Игрек хихикал так энергично, что по стеклам очков слезы текли уже в три ручья. Кир подобрал раздавленную цигарку, сокрушенно покачал головой и пробормотал:

– Вот и поговорили.


Наутро третьего дня неподалеку от берега забурлила вода, и Старлей, подпрыгнув, завопил:

– Кииит!

Он совсем уже было собрался воспламенять взглядом, что добром бы не кончилось, однако это был не кииит и даже не кааашааалооот. Из воды вылез основательно проржавевший горб белой субмарины. На мостике стояла Медуза и приветливо махала змеями:

– Э-ге-ге, мальчики!


Загрузились быстро, правда, опять пришлось гнать в воду Лешака. На мостике, кроме медузы, обнаружился рослый ихтиандр, пышноусый, в кожаной куртке. Протянув Киру ласт, он представился:

– Капитан Фтагн. Добро пожаловать на «Белую субмарину».

– У вас богатое воображение, капитан, – вежливо ответил Кир, – назвать белую субмарину «Белой субмариной» – это не всякий додумается.

Капитан гордо улыбнулся, отчего усы разъехались, обнажая вывернутые пухлые губы.

– Папаша у меня негр, мать – русалка, а я видите, какой уродился. Ну давайте спускайтесь, нечего тут прохлаждаться. Вон чааайкиии уже возбудились.

Протащить Лешака в люк оказалось делом довольно сложным. Игрек предложил взять его на буксир, но люк все же чавкнул – и возмущенно шелестящие ветки ухнули вглубь. Остальные последовали за Лешаком.

В тесных коридорах лодки было не протолкнуться. Встречала их вся команда – довольно странный, прямо скажем, сброд. Конечно, утопленники, древние, с побелевшими черепами и таинственно светящимися глазницами, и посвежее, еще в остатках обмундирования и полинявших бескозырках. Ихтиандры, тритоны, несколько мрачного вида кэльпи и даже один живой вроде бы человек, поразительно напоминавший актера Гаэри Олдмэана. Он был боцманом.

– В тесноте, да не в обиде, – провозгласил Фтагн и скомандовал погружение.


Шли на норд-норд-ост. За завтраком капитан, боцман и все гости собрались в кубрике. Капитан разложил на столе карту и отмерил расстояние колченогим циркулем.

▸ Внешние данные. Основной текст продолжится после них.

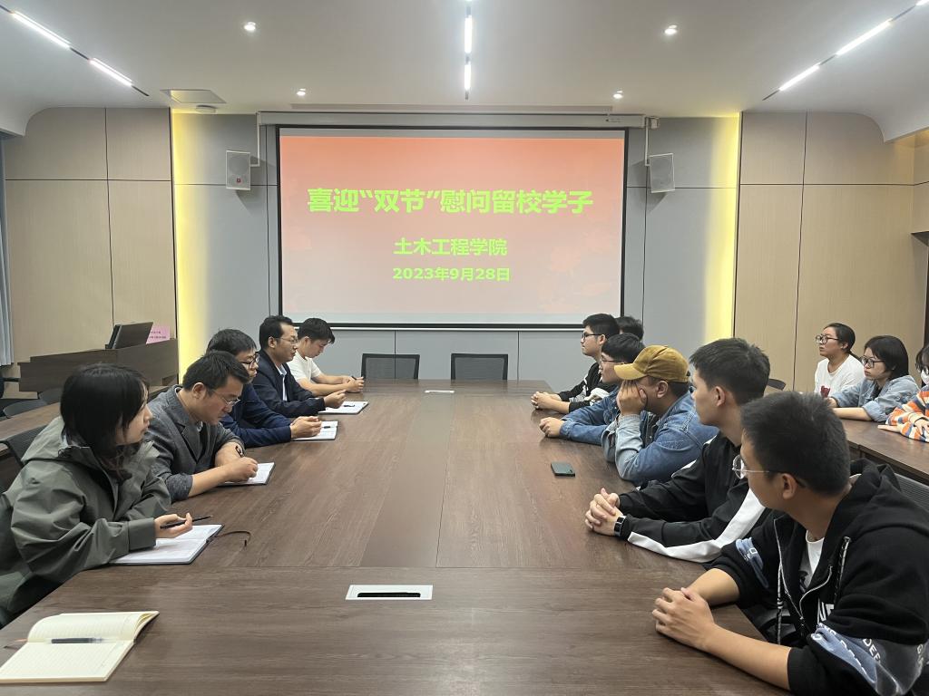 值中国传统节日中秋节、国庆节双节来临之际,土木工程学院留校学生的情况一直牵挂着领导老师的心。为使在外求学学子感受到团圆的幸福,9月28日下午,土木工程学院喜迎“双节”慰问留校学子活动在理工楼112会议室举行,学院党总支书记郭二军、教学副院长杨子泉、学工干事徐超,全体辅导员与学院留校学生一起参与了此次活动。此次活动由徐超主持。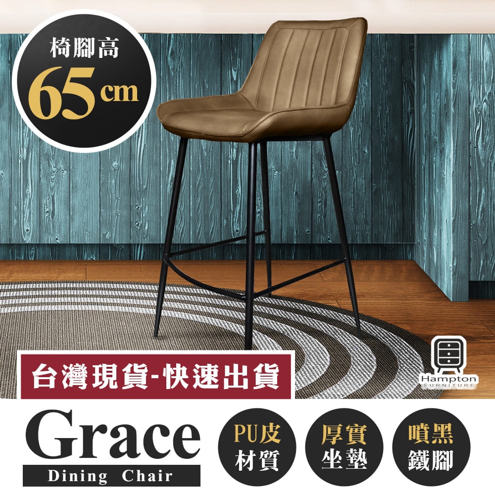 】 葛瑞斯皮面吧台椅-卡布奇諾-座高65公分

– Навигационка у нас, конечно, второй свежести. Но если пойдем так и так, – он показал, – до Новой Земли доберемся дня за два. При условии, что она, конечно, не откочевала ближе к полюсу.

Старлей почесал в затылке:

– С чего бы ей кочевать. Жратвы вроде в океане хватает. Кааасаааткиии, кииитыыы, чааайкиии, опять же. Не, думаю, все там же пасется. А на Полюсе что? Пииингвиииныыы, да и те все свинцом потравленные.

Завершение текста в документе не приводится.